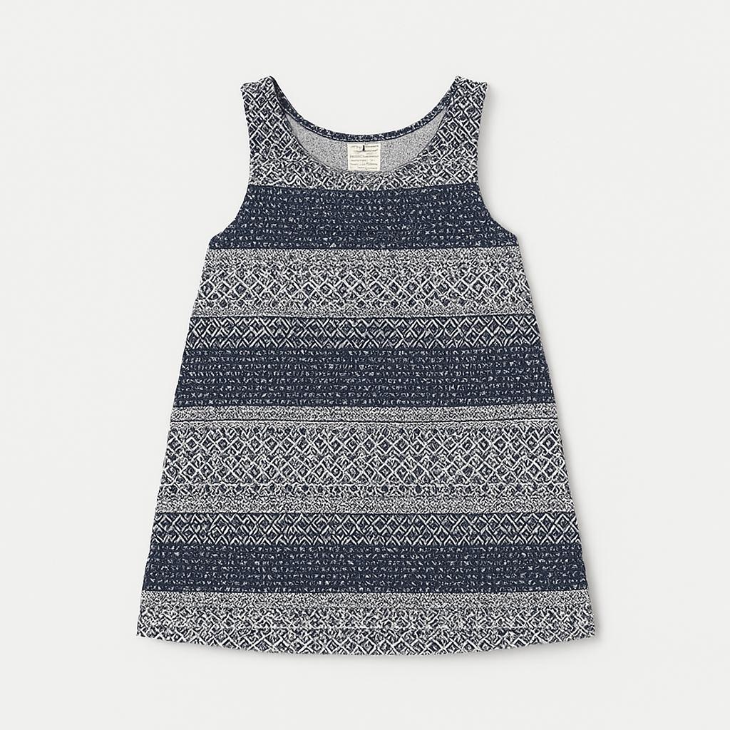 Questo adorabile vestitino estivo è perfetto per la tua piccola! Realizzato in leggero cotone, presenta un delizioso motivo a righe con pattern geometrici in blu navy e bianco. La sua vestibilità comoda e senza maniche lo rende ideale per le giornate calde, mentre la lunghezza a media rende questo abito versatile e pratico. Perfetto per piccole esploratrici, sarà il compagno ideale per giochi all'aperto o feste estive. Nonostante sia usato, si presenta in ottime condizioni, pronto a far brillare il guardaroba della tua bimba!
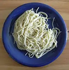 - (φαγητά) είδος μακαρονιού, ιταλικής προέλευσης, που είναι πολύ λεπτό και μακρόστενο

--

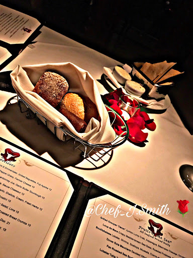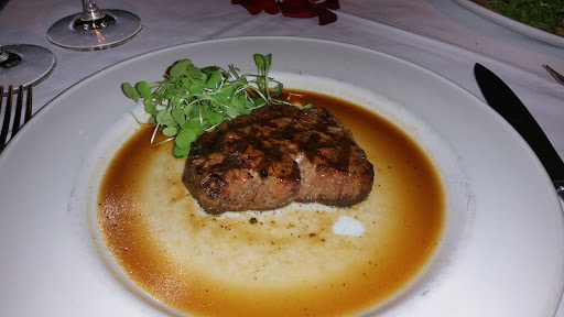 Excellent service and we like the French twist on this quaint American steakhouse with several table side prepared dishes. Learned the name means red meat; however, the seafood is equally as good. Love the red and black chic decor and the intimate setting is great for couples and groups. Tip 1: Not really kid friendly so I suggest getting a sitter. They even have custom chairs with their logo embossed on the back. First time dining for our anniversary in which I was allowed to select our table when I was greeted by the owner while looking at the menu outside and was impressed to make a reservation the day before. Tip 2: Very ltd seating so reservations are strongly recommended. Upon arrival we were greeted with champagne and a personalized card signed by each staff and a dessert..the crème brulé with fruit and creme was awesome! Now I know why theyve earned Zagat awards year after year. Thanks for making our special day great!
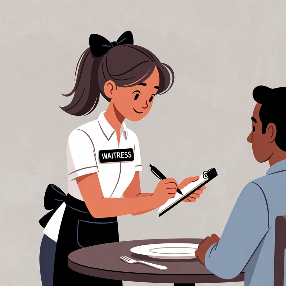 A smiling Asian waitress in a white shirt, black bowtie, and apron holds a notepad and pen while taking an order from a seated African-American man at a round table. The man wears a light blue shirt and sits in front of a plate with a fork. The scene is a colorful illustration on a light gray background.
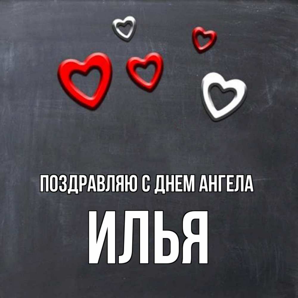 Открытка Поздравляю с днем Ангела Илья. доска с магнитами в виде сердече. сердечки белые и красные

• Work instructions
Beginning at the line that has "Questo adorabile vestitino" and ending at the line that has "- (φαγητά) είδος", restate the listing above word for word, pictures left out.

• Exercise response
 Questo adorabile vestitino estivo è perfetto per la tua piccola! Realizzato in leggero cotone, presenta un delizioso motivo a righe con pattern geometrici in blu navy e bianco. La sua vestibilità comoda e senza maniche lo rende ideale per le giornate calde, mentre la lunghezza a media rende questo abito versatile e pratico. Perfetto per piccole esploratrici, sarà il compagno ideale per giochi all'aperto o feste estive. Nonostante sia usato, si presenta in ottime condizioni, pronto a far brillare il guardaroba della tua bimba!
 - (φαγητά) είδος μακαρονιού, ιταλικής προέλευσης, που είναι πολύ λεπτό και μακρόστενο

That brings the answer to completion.